_Task prompt_
Please write out exactly the line containing "Shirt, Cardigan, Hose, Ballerinas" below and every line after it, through the last one, but leave out any pictures.

_Information shown_
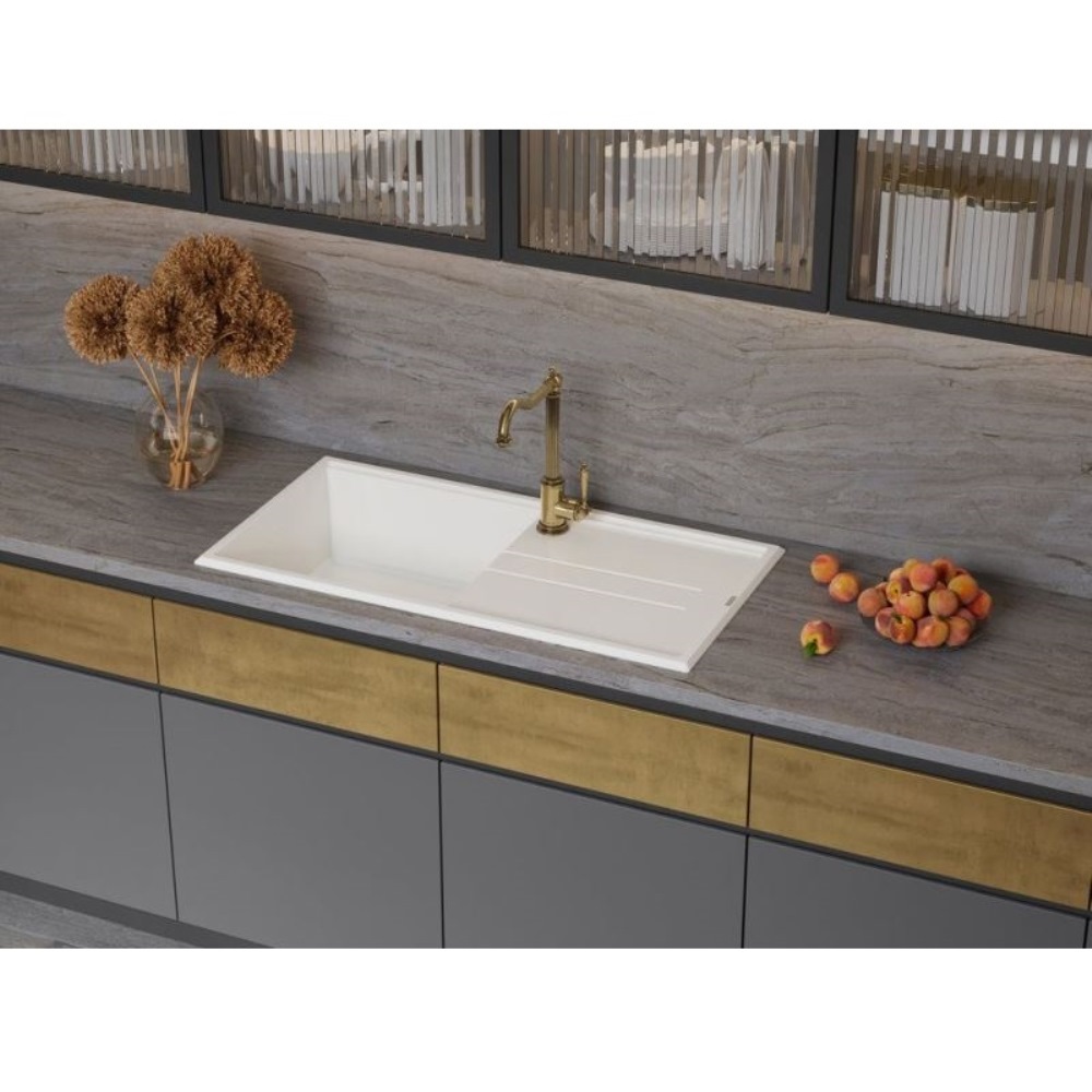 Мойка кухонная Omoikiri из коллекции Tedori 100-BL имеет размеры 1000х510 мм., изготовлена из искусственного гранита. Форма — прямоугольная, одна чаша без отверстия для смесителя. Сифон в комплекте. Ширина чаши 47,8. Врезной монтаж. Имеется крыло.
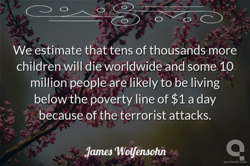 We estimate that tens of thousands more children will die worldwide and some 10 million people are likely to be living below the poverty line of $1 a day because of the terrorist attacks.
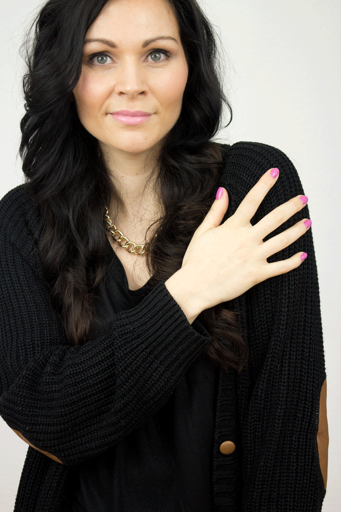 Shirt, Cardigan, Hose, Ballerinas von H&M, Kette von Bijou Brigitte, Nagellack 36 Splash of Grenadine von Essie, Lippenstift 130 Frozen Rose von Catrice Ultimate Colour
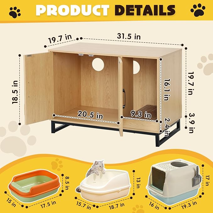 - 【Furniture Style, Wider Usage】Sturdy frame and warm tabletop design matches your home decor perfectly. It is not only a litter box enclosure, but also can be used as a cat house. Meanwhile, thanks to its stylish furniture style, you can also use it as a TV stand or a coffee table next to the sofa!

_Solved exercise_
 Shirt, Cardigan, Hose, Ballerinas von H&M, Kette von Bijou Brigitte, Nagellack 36 Splash of Grenadine von Essie, Lippenstift 130 Frozen Rose von Catrice Ultimate Colour
 - 【Furniture Style, Wider Usage】Sturdy frame and warm tabletop design matches your home decor perfectly. It is not only a litter box enclosure, but also can be used as a cat house. Meanwhile, thanks to its stylish furniture style, you can also use it as a TV stand or a coffee table next to the sofa!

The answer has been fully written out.